Stored items from a collection
---+---
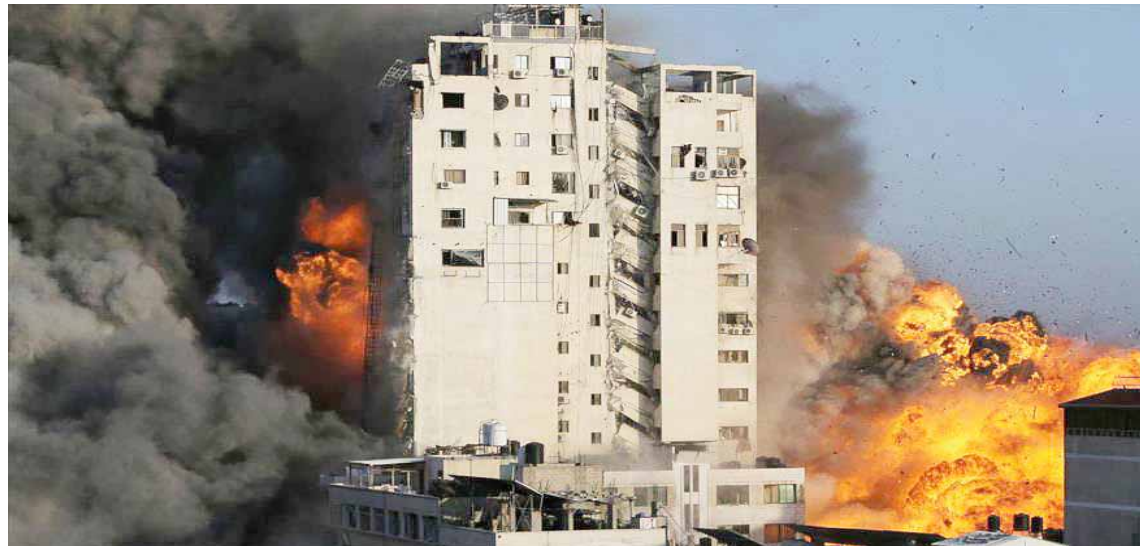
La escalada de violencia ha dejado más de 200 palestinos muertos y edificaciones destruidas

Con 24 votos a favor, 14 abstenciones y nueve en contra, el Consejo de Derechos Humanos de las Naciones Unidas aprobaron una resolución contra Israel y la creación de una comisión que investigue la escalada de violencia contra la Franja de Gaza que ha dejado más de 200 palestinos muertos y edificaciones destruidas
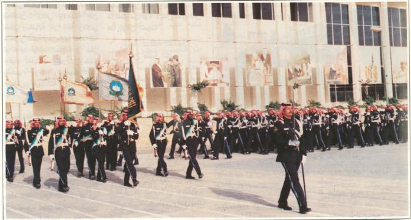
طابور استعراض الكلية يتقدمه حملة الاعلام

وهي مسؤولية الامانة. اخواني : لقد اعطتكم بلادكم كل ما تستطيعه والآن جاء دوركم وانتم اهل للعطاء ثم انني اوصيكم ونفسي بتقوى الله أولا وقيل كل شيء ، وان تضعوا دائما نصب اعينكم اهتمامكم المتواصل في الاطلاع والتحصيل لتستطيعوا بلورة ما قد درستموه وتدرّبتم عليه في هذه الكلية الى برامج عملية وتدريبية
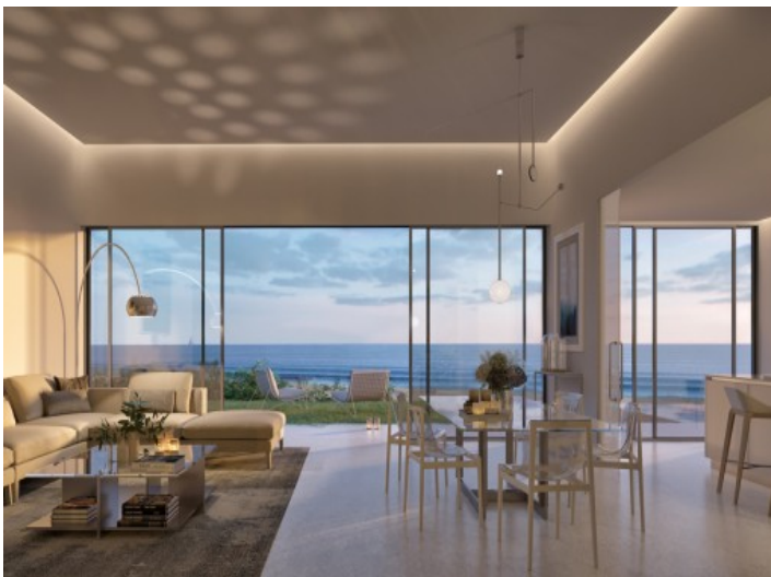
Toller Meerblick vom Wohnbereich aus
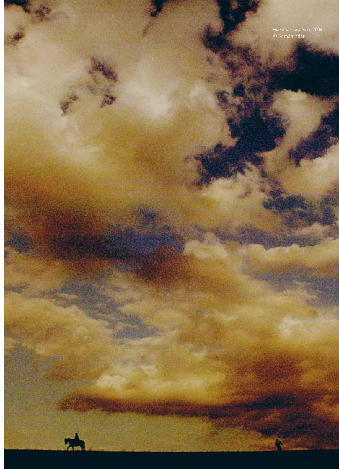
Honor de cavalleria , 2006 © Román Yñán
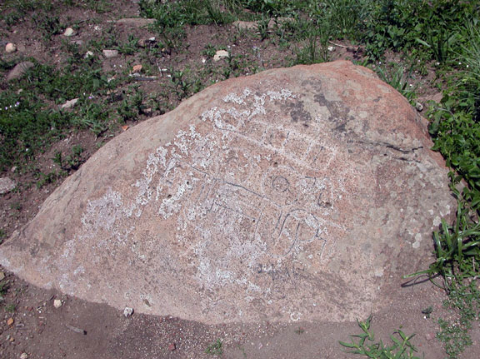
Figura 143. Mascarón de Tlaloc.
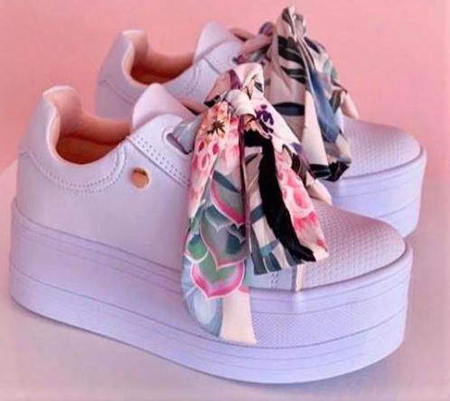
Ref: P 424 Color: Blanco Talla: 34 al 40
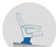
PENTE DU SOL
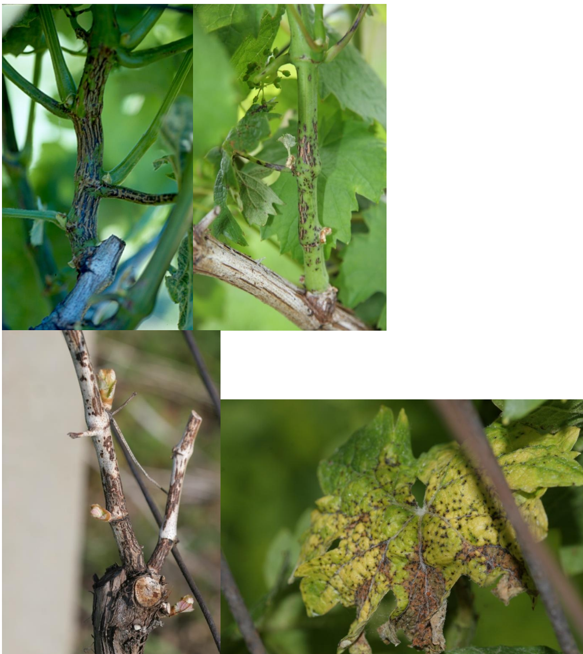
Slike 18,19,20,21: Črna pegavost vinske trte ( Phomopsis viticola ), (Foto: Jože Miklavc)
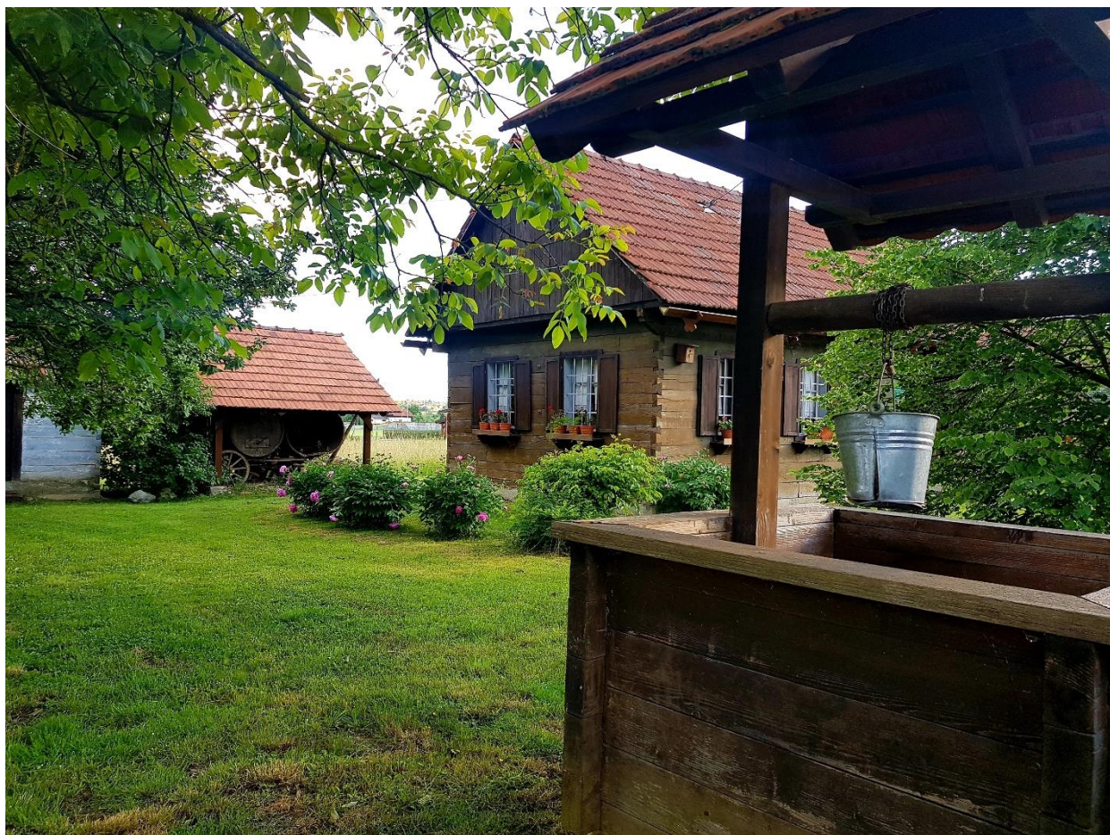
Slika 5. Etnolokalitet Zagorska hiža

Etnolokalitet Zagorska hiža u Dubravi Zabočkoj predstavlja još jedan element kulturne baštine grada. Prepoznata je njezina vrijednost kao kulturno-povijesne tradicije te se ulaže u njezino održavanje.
---+---
The response must repeat exactly the lines above from the one with "وهي مسؤولية الامانة." through the one with "PENTE DU SOL", including both, and must contain no pictures and no other text.

وهي مسؤولية الامانة. اخواني : لقد اعطتكم بلادكم كل ما تستطيعه والآن جاء دوركم وانتم اهل للعطاء ثم انني اوصيكم ونفسي بتقوى الله أولا وقيل كل شيء ، وان تضعوا دائما نصب اعينكم اهتمامكم المتواصل في الاطلاع والتحصيل لتستطيعوا بلورة ما قد درستموه وتدرّبتم عليه في هذه الكلية الى برامج عملية وتدريبية
Toller Meerblick vom Wohnbereich aus
Honor de cavalleria , 2006 © Román Yñán
Figura 143. Mascarón de Tlaloc.
Ref: P 424 Color: Blanco Talla: 34 al 40
PENTE DU SOL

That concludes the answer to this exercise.